The new enemy rising to challenge America is not an unresolved dispute between Israelis and Palestinians but Islamic fundamentalism that rejects all western concepts of modernization and equal rights for women and citizens. Its tentacles run out of Afghanistan, Pakistan and Saudi Arabia, ironically all three categorized as friends of the USA.
Finally, as paradigms go, strategically and tactically speaking, the US has no closer ally in the world than Israel. We could not operate in the Middle East without Israeli assistance and our population, the grand majority of Americans and their representatives in Congress, would never allow Israel to stand alone under attack.

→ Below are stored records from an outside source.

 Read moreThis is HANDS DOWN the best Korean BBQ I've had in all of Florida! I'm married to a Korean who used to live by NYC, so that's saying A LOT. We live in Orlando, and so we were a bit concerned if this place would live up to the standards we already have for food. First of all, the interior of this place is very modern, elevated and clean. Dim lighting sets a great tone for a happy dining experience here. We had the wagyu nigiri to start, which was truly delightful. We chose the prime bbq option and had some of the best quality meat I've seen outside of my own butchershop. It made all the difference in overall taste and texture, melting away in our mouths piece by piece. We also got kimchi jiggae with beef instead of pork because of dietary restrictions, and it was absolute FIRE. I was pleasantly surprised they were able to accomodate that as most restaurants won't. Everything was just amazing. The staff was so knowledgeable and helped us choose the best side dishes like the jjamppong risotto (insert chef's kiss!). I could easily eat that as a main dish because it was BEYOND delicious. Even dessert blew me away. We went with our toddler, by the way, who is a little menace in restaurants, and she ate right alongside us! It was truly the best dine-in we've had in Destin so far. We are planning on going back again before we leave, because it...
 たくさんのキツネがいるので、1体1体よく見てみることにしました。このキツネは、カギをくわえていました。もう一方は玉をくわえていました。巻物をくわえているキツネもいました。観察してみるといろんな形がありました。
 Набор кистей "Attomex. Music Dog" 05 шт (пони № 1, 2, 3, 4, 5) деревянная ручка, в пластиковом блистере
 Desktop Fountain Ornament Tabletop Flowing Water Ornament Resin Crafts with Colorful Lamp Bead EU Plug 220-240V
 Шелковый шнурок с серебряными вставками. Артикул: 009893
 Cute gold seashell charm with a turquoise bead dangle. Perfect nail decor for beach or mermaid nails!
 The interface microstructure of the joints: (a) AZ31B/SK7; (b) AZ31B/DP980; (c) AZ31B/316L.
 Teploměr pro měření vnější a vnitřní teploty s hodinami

This is a basic fact of political life in America that the Obama White House understands too well.
Speaking as an Arab-American, I welcome the protection that Israel’s existence as a minority Jewish state in the Muslim Middle East projects for other minorities including some 25 million Christian Arabs under extreme pressure, 30 million Kurds and other tribal or religious populations who must live free of persecution. Israel stands as a symbol that it is possible to have a multi-cultural tolerant Middle East.
What Miller and Zinni and more analysts are asking is why, therefore, is this administration expanding such extraordinary resources to resolve what clearly has receded to a minor strategic threat when far greater menaces loom?
As Miller pointed out on CNN in an interview with John King: Would Obama become the first US president on whose watch Iran turns into nuclear power? He also wonders, correctly, if Israeli’s Prime Minister Benjamin Netanyahu would accept being the first Israeli prime minister to let this happen.
Another primary strategic concern for the USA is the ongoing disintegrations of both Iraq and Afghanistan.
What is our strategy in Iraq should civil war break out again as it seems it could? How do we define “winning” there? And, will thousands of American forces in Afghanistan do baby-sitting for a decade, or longer?
These appear pressing issues with not a single indication of an American strategy.
On the Israeli side, one can assume the country can take care of itself militarily and otherwise. It has matured into a nation of 7.5 million including 1.5 million Arab Israelis who are not as unhappy as their Palestinian brethren suggest, and would, if pressed, more likely opt for an Israeli quality of life. Israel just hit a per capita income level of around $ 35,000, putting it squarely in the higher-ranks of the industrialized Western living standards, with an economy bigger than all its neighboring countries. It has never lost a war and can still win any.
Beyond this, the best strategy for the White House, when it comes to those Middle East ‘’tribes with flags,’’ may be “benign neglect.” When you think of it, despite predictions of dire consequences such as World War Three out there, the Middle East dispute has already survived quite well, with various accommodations, for over a 100 years.
Read the whole thing. I wonder if anyone in the Obama White House is listening.
2 Comments:
Obama white House is like a pervert addicted to his perversion: he cannot see anything else and must practise it regardless. The psychopaths in the White House.
The Obama White House is addicted to a certain path regardless of whether it does any good because its politically correct. The evidence says the Palestinians don't want a state and the Israelis prefer things the way they are because anything other than the status quo is even worse. In this face of all this, the Obami are determined to inflict misery on both Arabs and Jews like. The proximity talks appear headed nowhere. It seems the facts of life in the Middle East escape the Obama Administration.